BRIEF — Transcribe the listing verbatim, please, with images dropped.

DATASET CONTENT —
━━━━━━━━━━━━━━━━━━━━━━━━━━━━━━

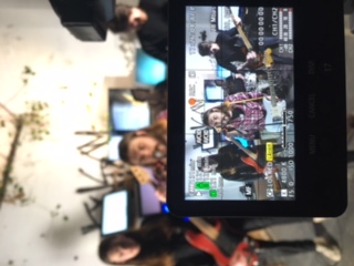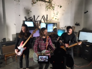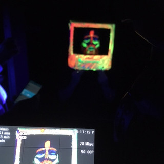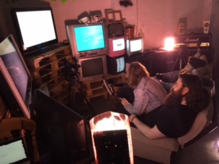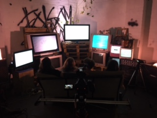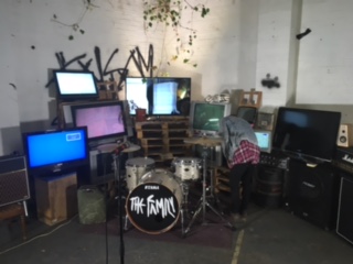 Its time for you to become the beg, borrow and steal filmmaker. From the photos you can see all the TVs in shot, which were recycled by me and the band, to make the background of the shoot. Equipment, I filmed this on a C100 with a 10mm fish eye, 50MM prime, and a 18 – 135, LED lights and a slider, all borrowed from work, friends and colleagues. Sound system, the band solved this problem getting a music tech friend to organize a PA system for the shoot. Never underestimate the friendships and comradely around rock music, people come through, help out or just want to be a part of something that has the opportunity to be something special. Next the UV paint, again the band bought all this and on the day we came up with the face designs and ways in which this was going to work in the video.
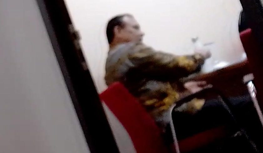 Dalam foto terlihat sosok pria yang diduga Firli berada di sebuah ruangan yang mengenakan pakaian batik dengan celana hitam sedang duduk di sebuah kursi berwana merah. Diduga Firli tengah menjalani pemeriksaan terkait kasus dugaan pemerasan terhadap Syahrul Yasin Limpo.
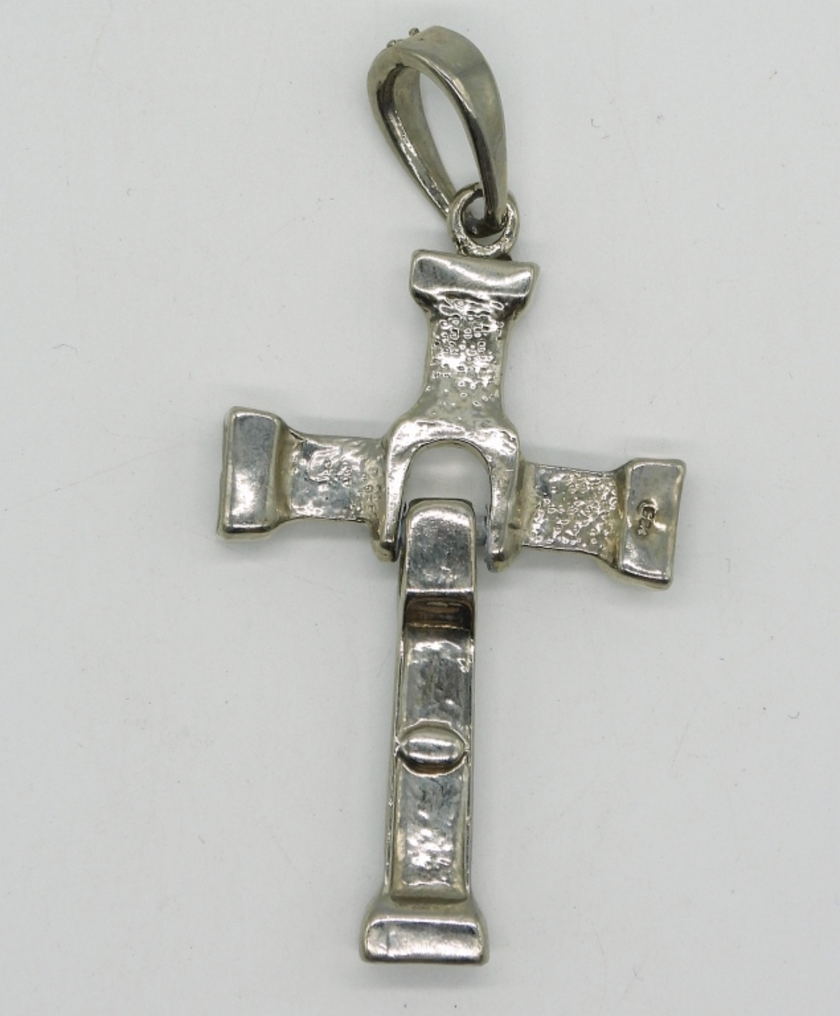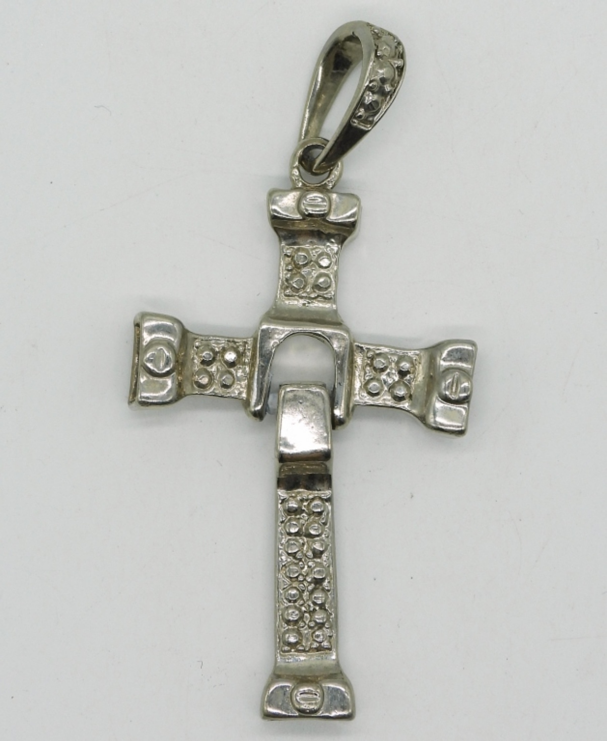 Sterling cross pendant with moving parts. 3.5″ long. 1.5″ wide. (19.2 dwt)
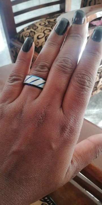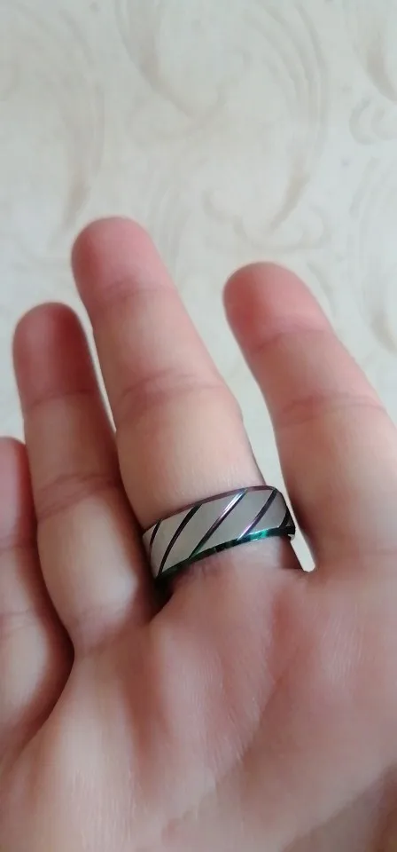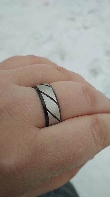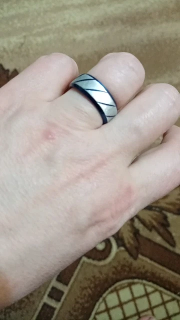 Кольцо очень эффектно выглядит. На мой 16-й отлично подошла 6-ка. Кольцо широкое, но тем не менее носить очень комфортно. Спасибо продавцу, товар рекомендую.

━━━━━━━━━━━━━━━━━━━━━━━━━━━━━━

TASK SOLUTION —
 Its time for you to become the beg, borrow and steal filmmaker. From the photos you can see all the TVs in shot, which were recycled by me and the band, to make the background of the shoot. Equipment, I filmed this on a C100 with a 10mm fish eye, 50MM prime, and a 18 – 135, LED lights and a slider, all borrowed from work, friends and colleagues. Sound system, the band solved this problem getting a music tech friend to organize a PA system for the shoot. Never underestimate the friendships and comradely around rock music, people come through, help out or just want to be a part of something that has the opportunity to be something special. Next the UV paint, again the band bought all this and on the day we came up with the face designs and ways in which this was going to work in the video.
 Dalam foto terlihat sosok pria yang diduga Firli berada di sebuah ruangan yang mengenakan pakaian batik dengan celana hitam sedang duduk di sebuah kursi berwana merah. Diduga Firli tengah menjalani pemeriksaan terkait kasus dugaan pemerasan terhadap Syahrul Yasin Limpo.
 Sterling cross pendant with moving parts. 3.5″ long. 1.5″ wide. (19.2 dwt)
 Кольцо очень эффектно выглядит. На мой 16-й отлично подошла 6-ка. Кольцо широкое, но тем не менее носить очень комфортно. Спасибо продавцу, товар рекомендую.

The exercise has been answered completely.